Please note that all operations resumed successfully after the APs went back online and that no data or transmissions were lost, and no actions were required from customers.

On behalf of SES-imagotag, the entire Cloud team would like to apologize for any inconvenience caused. Please be assured that we are continually working to enhance the quality of our platform and improve the user experience.

Thank you for your understanding and continued support.

Posted Nov 17, 2023 - 20:17 UTC

Resolved
Dear customers,

On November 12th, 2023, at 5h UTC, a subset of customers experienced a disruption to their Access Points (APs), which lost connection to VUSION Cloud and could be seen as offline status on VUSION Manager.
Impacted customers have their AP targeting seshftweup001t004hfcoredns.westeurope.cloudapp.azure.com:7354
The issue has been resolved at approximately 8h UTC by our engineers.

Please note that all operations resumed successfully after the APs went back online and that no data or transmissions were lost, and no actions were required from customers.

Engineers are working on fixing the underlying issue, so that it does not occur again in the future.

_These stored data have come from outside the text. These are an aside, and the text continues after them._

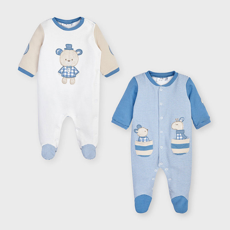 Set de dos pijamas interlock para recién nacido niño de 0 a 18 meses.
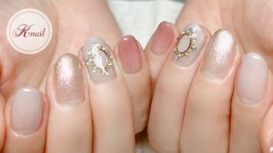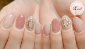 くすみ感のあるピンクやクリーミーなベージュやベージュピンクをあわせたふんわりかわいいお手元になりました!
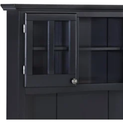 Store it all, display it all, and have it all with the Homestyles Buffet of Buffets Server with Hutch. Whether used in the kitchen, dining room, or anywhere else, it brings organization to your life and style to your home. The variety of storage options from cabinet shelves to drawers to wine racks gives you the flexibility to figure out what’s just right for you. Glass cabinet doors on the top put your most special items on display, while the solid hardwood top creates a classic look. Pack more storage into a smaller footprint with this black server that easily coordinates with a variety of environments.
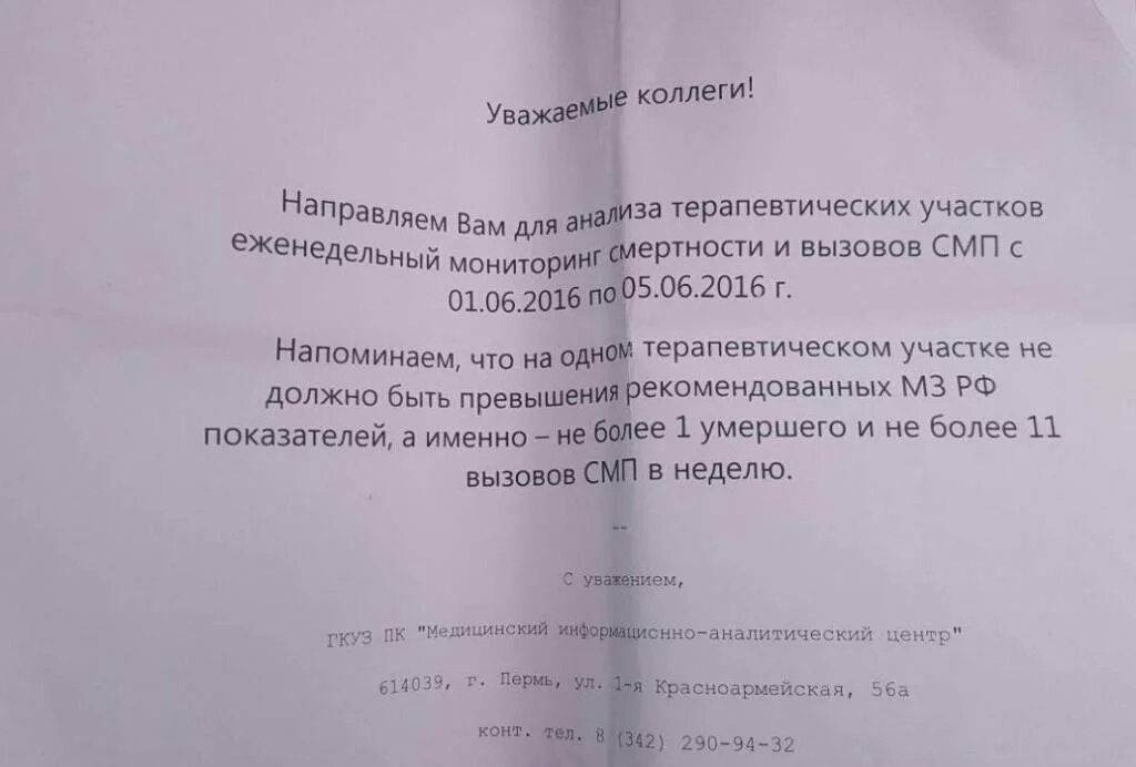 Сегодня краевой минздрав распространил пресс-релиз, в котором утверждает, что директивы, ранее разосланные министерством в государственные больницы Пермского края, в которых говорилось о том, что на одном терапевтическом участке не должно быть более одного умершего за неделю и не более 11 выездов бригад скорой помощи, оказались технической ошибкой.

Improved alerting has already been set to identify any issue as early as possible. We are committed to fixing the root cause of the problem as quickly as possible and to improve our processes to react on incidents in the swiftest way. We appreciate your patience and understanding as we work to resolve this issue. A post-mortem analysis will be published in the coming weeks.

On behalf of SES-imagotag, the whole Cloud team would like to apologize for the incident and to thank you for your understanding. Please be assured that we are committed to continuous improvement and that we strive to provide the best experience as possible.
Posted Nov 12, 2023 - 06:00 UTC